### Task brief
From the line containing "While keeping impressing" to the line containing "于山堂,福州五一广场毛泽东纪" in the entries below, reproduce every line exactly, ends included. Nothing else belongs in the copy, and no pictures.

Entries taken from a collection
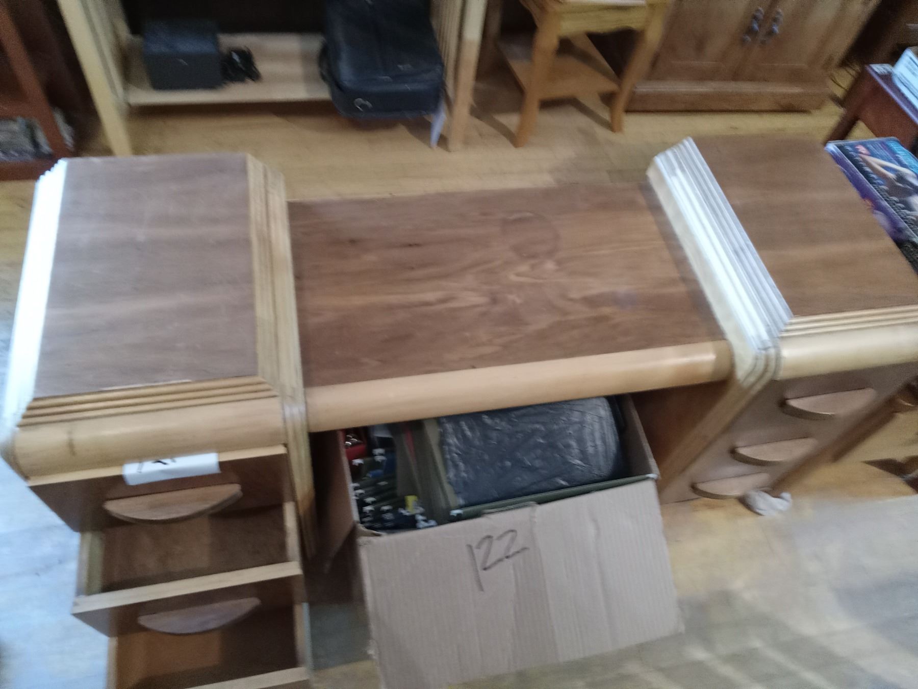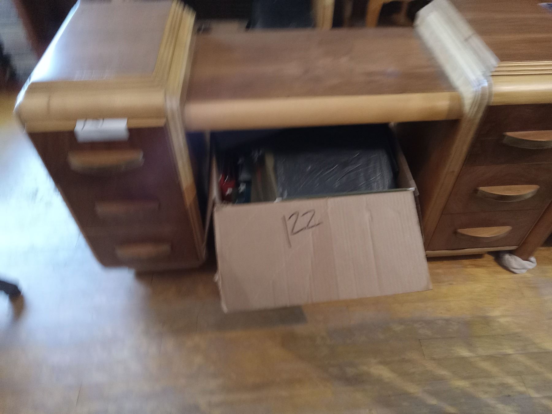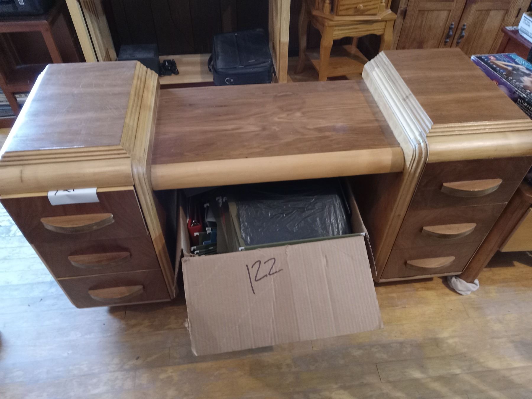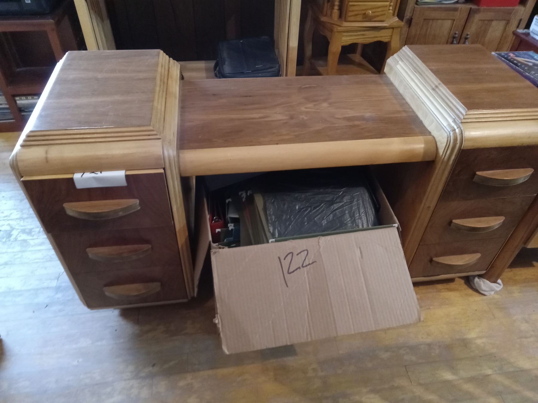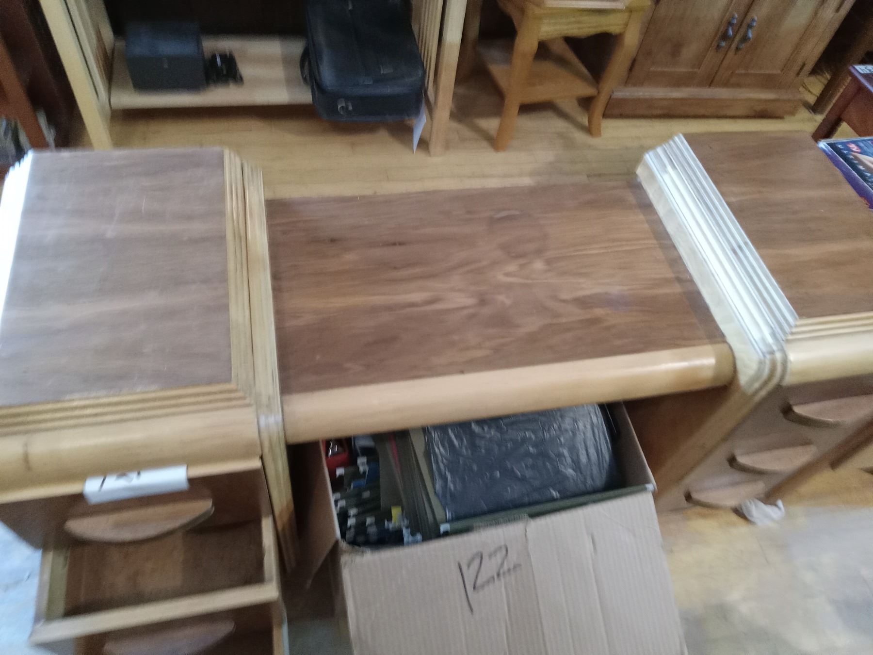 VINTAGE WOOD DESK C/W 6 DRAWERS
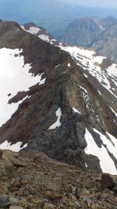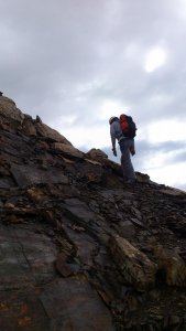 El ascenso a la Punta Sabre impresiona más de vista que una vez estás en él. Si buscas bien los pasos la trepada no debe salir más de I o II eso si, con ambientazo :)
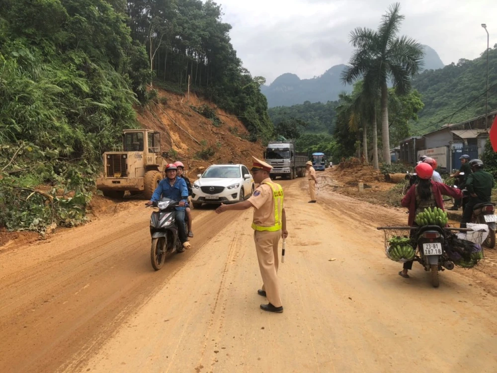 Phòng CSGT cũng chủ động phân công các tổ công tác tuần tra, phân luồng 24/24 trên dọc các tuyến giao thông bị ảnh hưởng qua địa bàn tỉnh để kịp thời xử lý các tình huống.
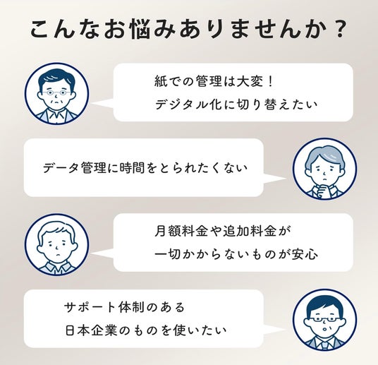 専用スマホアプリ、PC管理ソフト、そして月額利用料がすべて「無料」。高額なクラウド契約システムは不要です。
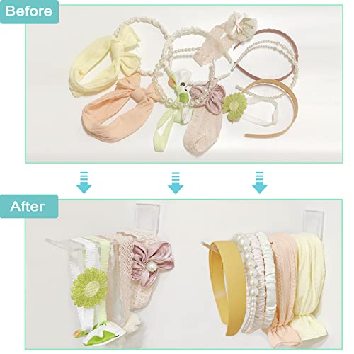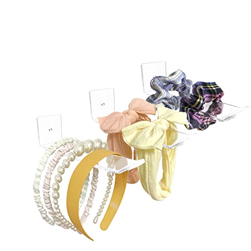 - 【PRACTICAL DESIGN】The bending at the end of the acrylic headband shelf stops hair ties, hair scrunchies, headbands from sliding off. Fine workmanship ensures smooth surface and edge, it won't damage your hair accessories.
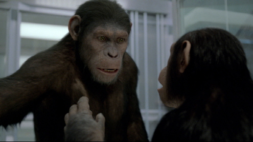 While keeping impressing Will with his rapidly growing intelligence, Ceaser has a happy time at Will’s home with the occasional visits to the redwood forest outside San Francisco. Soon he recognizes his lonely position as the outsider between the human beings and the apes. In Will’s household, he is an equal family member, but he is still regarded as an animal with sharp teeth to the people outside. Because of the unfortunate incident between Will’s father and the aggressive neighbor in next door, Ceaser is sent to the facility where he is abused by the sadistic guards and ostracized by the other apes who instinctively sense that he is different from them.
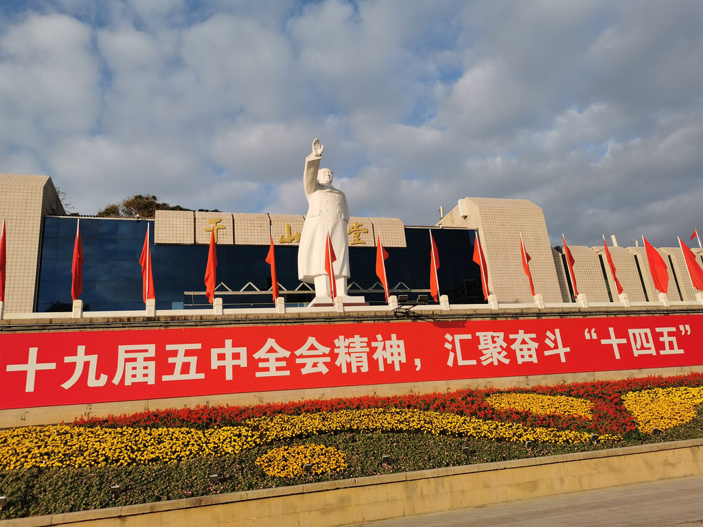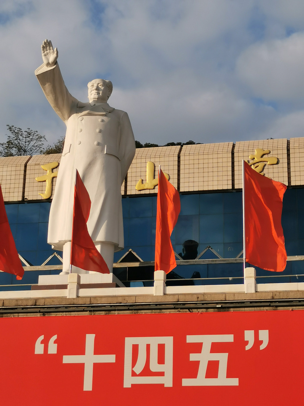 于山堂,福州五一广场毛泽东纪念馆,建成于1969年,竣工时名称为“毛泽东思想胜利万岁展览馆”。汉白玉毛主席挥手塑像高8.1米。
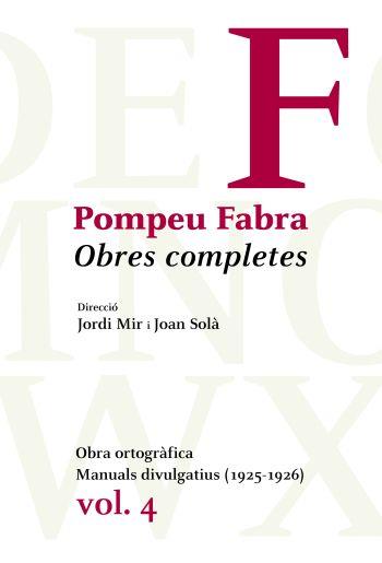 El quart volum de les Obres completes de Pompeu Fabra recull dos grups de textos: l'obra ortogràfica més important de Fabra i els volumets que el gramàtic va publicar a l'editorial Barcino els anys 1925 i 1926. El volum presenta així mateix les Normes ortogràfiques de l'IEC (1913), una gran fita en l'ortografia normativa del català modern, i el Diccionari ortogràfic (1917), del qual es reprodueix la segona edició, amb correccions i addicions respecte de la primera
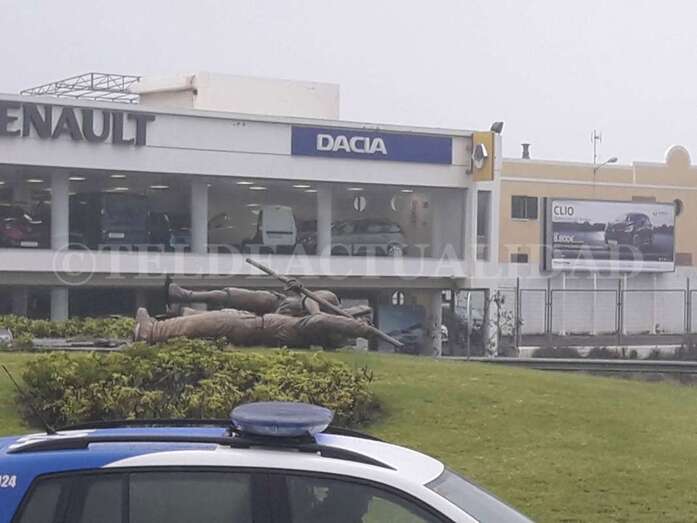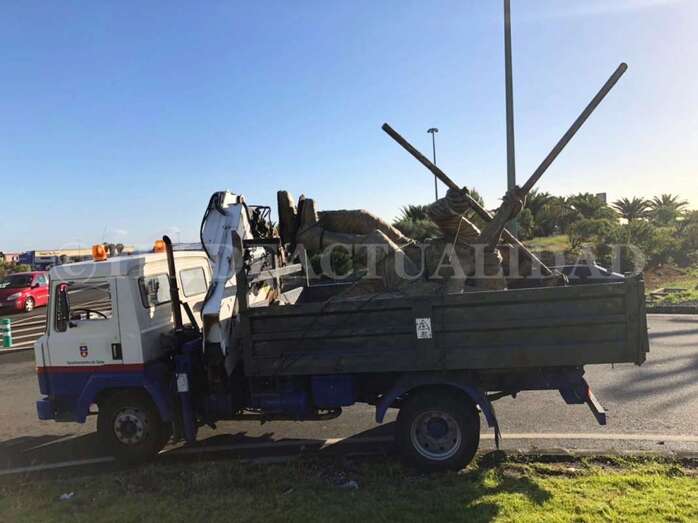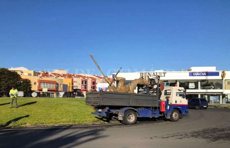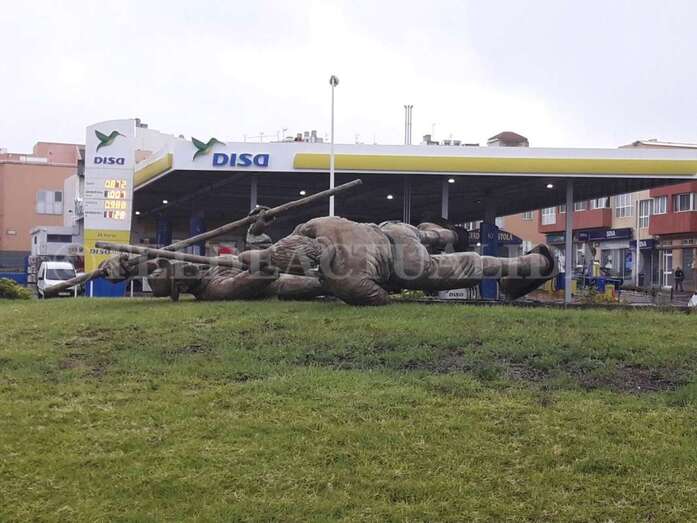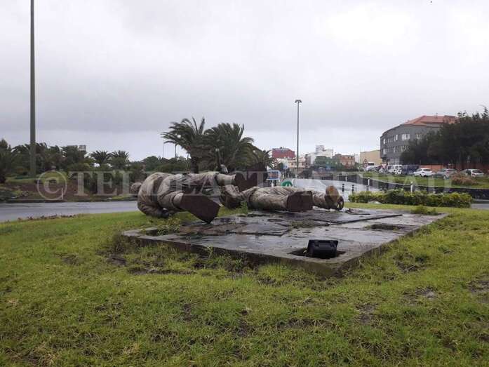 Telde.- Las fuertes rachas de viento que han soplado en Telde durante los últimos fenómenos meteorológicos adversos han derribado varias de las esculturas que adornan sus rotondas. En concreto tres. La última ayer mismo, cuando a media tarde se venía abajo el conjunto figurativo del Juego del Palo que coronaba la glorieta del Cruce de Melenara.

### Solution to this problem
 While keeping impressing Will with his rapidly growing intelligence, Ceaser has a happy time at Will’s home with the occasional visits to the redwood forest outside San Francisco. Soon he recognizes his lonely position as the outsider between the human beings and the apes. In Will’s household, he is an equal family member, but he is still regarded as an animal with sharp teeth to the people outside. Because of the unfortunate incident between Will’s father and the aggressive neighbor in next door, Ceaser is sent to the facility where he is abused by the sadistic guards and ostracized by the other apes who instinctively sense that he is different from them.
 于山堂,福州五一广场毛泽东纪念馆,建成于1969年,竣工时名称为“毛泽东思想胜利万岁展览馆”。汉白玉毛主席挥手塑像高8.1米。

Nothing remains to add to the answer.